→ YOUR ASSIGNMENT
Give back the exact lines of the material below from the one containing "Focus Turbo é" through the one containing "トランプ政権が主導する米国に", and no pictures.

→ DATA PROVIDED
□ □ □

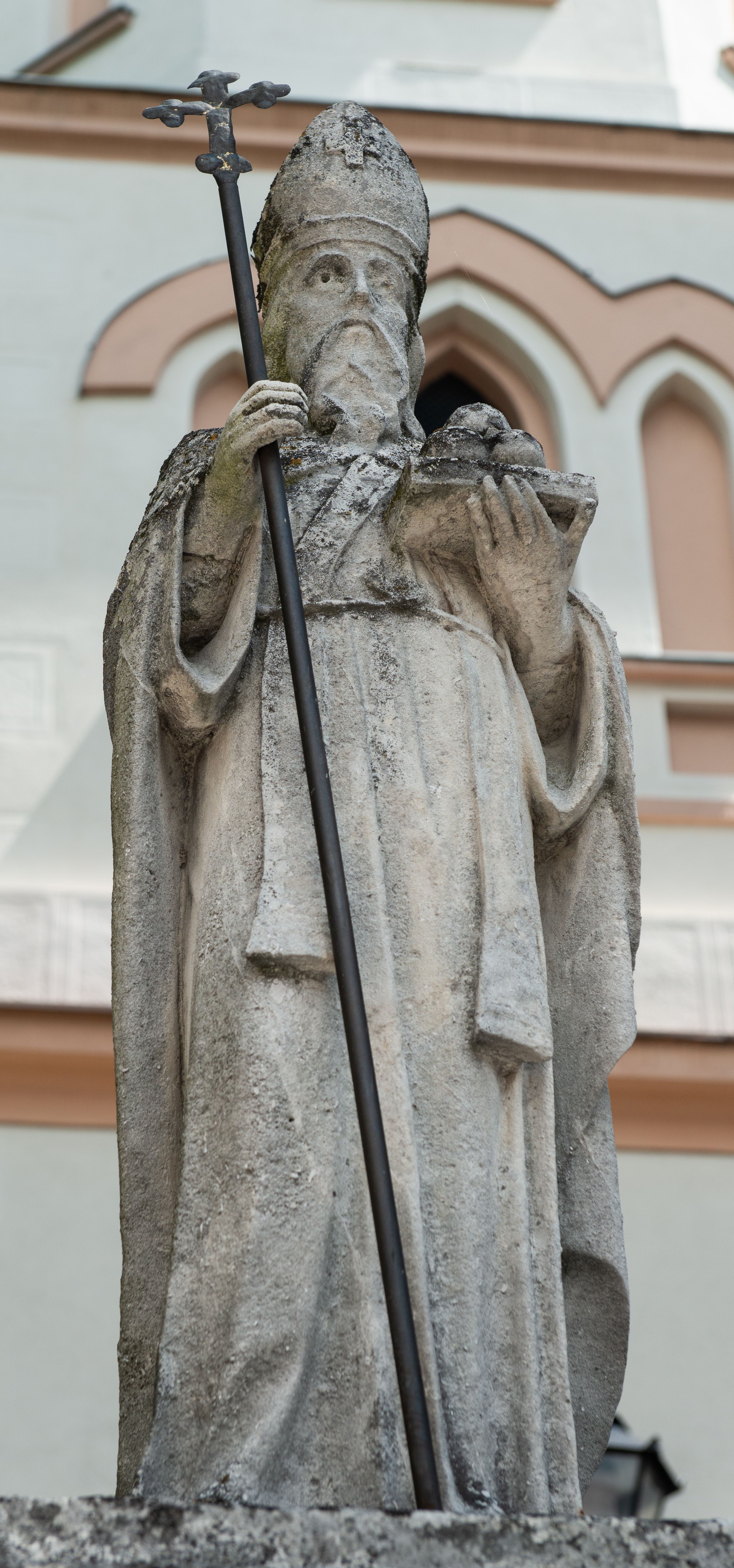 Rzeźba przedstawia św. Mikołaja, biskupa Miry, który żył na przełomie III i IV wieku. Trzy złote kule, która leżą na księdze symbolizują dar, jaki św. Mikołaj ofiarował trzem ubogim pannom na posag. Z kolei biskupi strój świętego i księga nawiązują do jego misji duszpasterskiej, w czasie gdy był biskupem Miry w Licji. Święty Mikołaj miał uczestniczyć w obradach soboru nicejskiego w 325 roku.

□ □ □

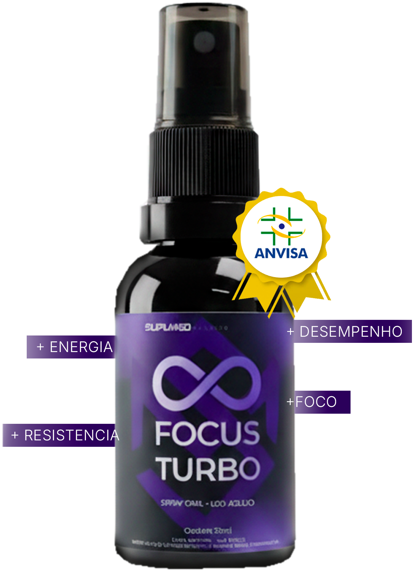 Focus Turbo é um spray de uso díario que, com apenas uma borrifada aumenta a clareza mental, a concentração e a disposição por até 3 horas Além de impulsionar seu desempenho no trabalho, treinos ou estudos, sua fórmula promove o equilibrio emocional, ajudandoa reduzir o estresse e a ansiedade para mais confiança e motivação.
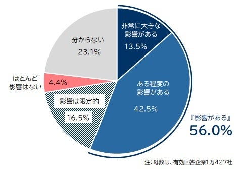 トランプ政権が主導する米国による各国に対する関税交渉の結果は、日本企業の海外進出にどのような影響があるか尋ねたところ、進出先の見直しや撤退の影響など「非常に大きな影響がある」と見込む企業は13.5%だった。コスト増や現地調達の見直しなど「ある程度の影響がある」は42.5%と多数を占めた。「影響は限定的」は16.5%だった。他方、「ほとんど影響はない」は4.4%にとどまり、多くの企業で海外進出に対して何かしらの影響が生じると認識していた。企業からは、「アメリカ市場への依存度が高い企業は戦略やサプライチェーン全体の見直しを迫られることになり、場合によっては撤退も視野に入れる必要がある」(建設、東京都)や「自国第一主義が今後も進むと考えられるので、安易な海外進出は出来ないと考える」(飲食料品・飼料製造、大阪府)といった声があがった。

□ □ □

→ WORKED SOLUTION
 Focus Turbo é um spray de uso díario que, com apenas uma borrifada aumenta a clareza mental, a concentração e a disposição por até 3 horas Além de impulsionar seu desempenho no trabalho, treinos ou estudos, sua fórmula promove o equilibrio emocional, ajudandoa reduzir o estresse e a ansiedade para mais confiança e motivação.
 トランプ政権が主導する米国による各国に対する関税交渉の結果は、日本企業の海外進出にどのような影響があるか尋ねたところ、進出先の見直しや撤退の影響など「非常に大きな影響がある」と見込む企業は13.5%だった。コスト増や現地調達の見直しなど「ある程度の影響がある」は42.5%と多数を占めた。「影響は限定的」は16.5%だった。他方、「ほとんど影響はない」は4.4%にとどまり、多くの企業で海外進出に対して何かしらの影響が生じると認識していた。企業からは、「アメリカ市場への依存度が高い企業は戦略やサプライチェーン全体の見直しを迫られることになり、場合によっては撤退も視野に入れる必要がある」(建設、東京都)や「自国第一主義が今後も進むと考えられるので、安易な海外進出は出来ないと考える」(飲食料品・飼料製造、大阪府)といった声があがった。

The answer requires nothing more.